Exercise aim: From the data, copy out every line in which the word "your" appears.

Recorded information:

◆ ◆ ◆ ◆ ◆

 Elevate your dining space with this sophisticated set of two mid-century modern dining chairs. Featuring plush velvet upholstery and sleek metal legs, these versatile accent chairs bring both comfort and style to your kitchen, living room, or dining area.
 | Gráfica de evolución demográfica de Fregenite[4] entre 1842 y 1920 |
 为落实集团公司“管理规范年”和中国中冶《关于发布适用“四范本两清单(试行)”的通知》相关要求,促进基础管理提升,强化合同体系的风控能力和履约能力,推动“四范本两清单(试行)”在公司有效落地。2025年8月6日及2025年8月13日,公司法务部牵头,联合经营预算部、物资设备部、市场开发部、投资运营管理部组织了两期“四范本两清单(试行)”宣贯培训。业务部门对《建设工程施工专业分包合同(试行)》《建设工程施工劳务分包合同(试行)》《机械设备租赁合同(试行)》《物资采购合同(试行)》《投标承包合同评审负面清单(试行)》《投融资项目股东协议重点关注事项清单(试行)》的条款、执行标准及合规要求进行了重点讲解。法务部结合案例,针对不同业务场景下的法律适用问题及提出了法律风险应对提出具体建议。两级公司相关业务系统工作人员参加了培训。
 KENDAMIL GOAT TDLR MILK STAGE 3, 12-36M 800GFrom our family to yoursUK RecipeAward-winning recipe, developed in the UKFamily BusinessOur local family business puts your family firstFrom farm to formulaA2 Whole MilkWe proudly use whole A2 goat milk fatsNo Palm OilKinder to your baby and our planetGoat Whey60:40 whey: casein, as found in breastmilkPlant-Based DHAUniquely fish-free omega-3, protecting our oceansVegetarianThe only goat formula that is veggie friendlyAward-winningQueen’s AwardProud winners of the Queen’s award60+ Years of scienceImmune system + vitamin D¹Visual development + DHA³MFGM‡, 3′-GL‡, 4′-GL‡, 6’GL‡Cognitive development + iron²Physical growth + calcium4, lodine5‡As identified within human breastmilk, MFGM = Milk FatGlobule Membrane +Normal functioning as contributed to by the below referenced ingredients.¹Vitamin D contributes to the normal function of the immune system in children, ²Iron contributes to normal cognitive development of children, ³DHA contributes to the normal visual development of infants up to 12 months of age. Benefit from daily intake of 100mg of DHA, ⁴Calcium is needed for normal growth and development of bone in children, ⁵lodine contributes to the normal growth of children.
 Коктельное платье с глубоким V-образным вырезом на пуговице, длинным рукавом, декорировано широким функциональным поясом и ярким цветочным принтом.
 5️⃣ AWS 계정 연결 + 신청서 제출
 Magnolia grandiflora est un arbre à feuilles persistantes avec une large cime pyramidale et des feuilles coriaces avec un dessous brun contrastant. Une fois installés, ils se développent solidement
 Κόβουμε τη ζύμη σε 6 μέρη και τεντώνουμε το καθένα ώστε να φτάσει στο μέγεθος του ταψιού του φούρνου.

◆ ◆ ◆ ◆ ◆

Task output:
 Elevate your dining space with this sophisticated set of two mid-century modern dining chairs. Featuring plush velvet upholstery and sleek metal legs, these versatile accent chairs bring both comfort and style to your kitchen, living room, or dining area.
 KENDAMIL GOAT TDLR MILK STAGE 3, 12-36M 800GFrom our family to yoursUK RecipeAward-winning recipe, developed in the UKFamily BusinessOur local family business puts your family firstFrom farm to formulaA2 Whole MilkWe proudly use whole A2 goat milk fatsNo Palm OilKinder to your baby and our planetGoat Whey60:40 whey: casein, as found in breastmilkPlant-Based DHAUniquely fish-free omega-3, protecting our oceansVegetarianThe only goat formula that is veggie friendlyAward-winningQueen’s AwardProud winners of the Queen’s award60+ Years of scienceImmune system + vitamin D¹Visual development + DHA³MFGM‡, 3′-GL‡, 4′-GL‡, 6’GL‡Cognitive development + iron²Physical growth + calcium4, lodine5‡As identified within human breastmilk, MFGM = Milk FatGlobule Membrane +Normal functioning as contributed to by the below referenced ingredients.¹Vitamin D contributes to the normal function of the immune system in children, ²Iron contributes to normal cognitive development of children, ³DHA contributes to the normal visual development of infants up to 12 months of age. Benefit from daily intake of 100mg of DHA, ⁴Calcium is needed for normal growth and development of bone in children, ⁵lodine contributes to the normal growth of children.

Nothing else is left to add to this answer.